BEGIN RECORDS SHOWN

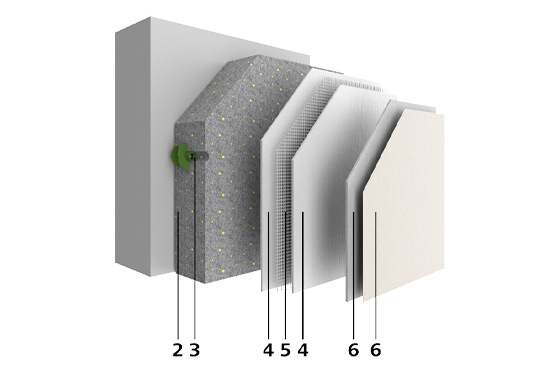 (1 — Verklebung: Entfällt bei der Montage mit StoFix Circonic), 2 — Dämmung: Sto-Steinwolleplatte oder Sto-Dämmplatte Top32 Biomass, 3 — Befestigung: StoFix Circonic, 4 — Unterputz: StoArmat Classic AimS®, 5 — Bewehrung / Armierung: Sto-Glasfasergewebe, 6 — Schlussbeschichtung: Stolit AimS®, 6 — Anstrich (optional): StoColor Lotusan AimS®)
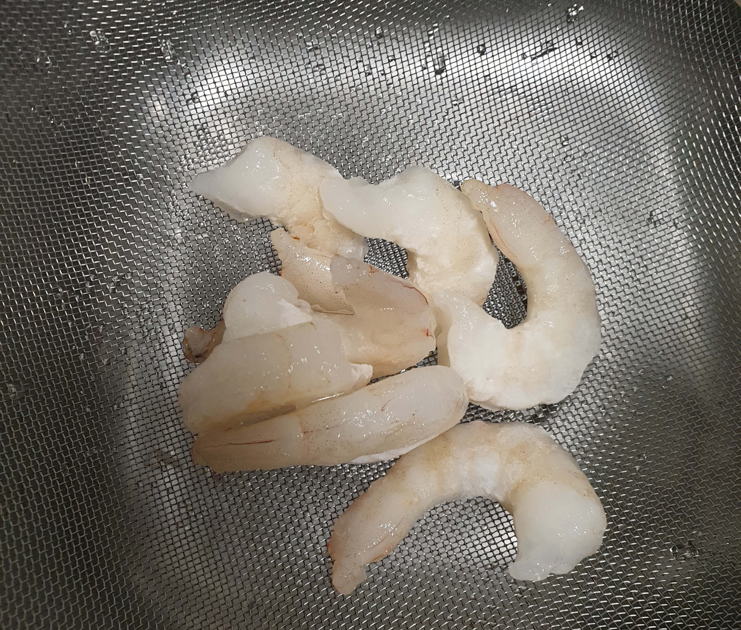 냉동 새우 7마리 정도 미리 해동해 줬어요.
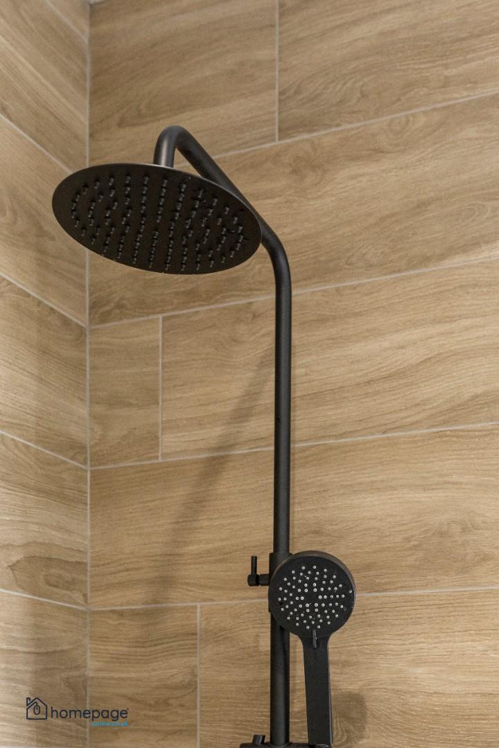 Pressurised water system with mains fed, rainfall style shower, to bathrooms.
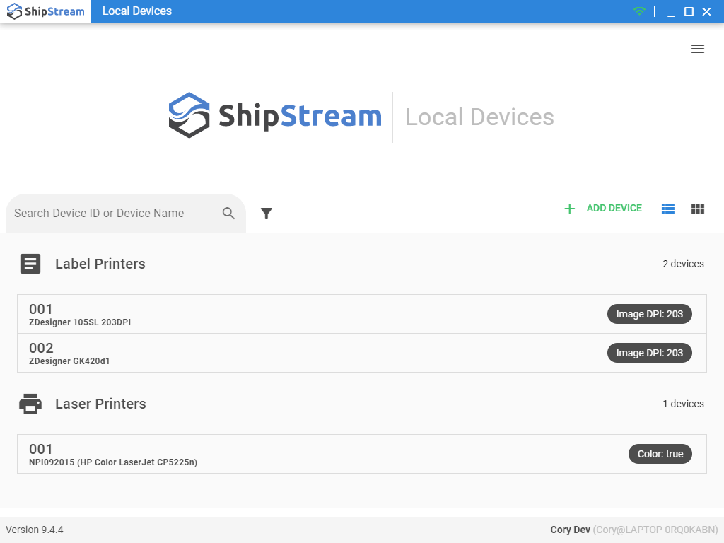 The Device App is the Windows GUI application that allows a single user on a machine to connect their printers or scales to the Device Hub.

END RECORDS SHOWN
BEGIN RECORDS SHOWN

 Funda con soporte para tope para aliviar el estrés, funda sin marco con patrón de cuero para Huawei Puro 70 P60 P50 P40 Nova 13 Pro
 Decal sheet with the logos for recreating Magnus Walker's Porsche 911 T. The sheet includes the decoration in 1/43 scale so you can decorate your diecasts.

END RECORDS SHOWN

**ASSIGNMENT**. Starting with the line above that holds "Pressurised water system", restate each line word for word up to and including the line that holds "The Device App". Drop the pictures.

**SOLUTION FOR THIS TASK**.
 Pressurised water system with mains fed, rainfall style shower, to bathrooms.
 The Device App is the Windows GUI application that allows a single user on a machine to connect their printers or scales to the Device Hub.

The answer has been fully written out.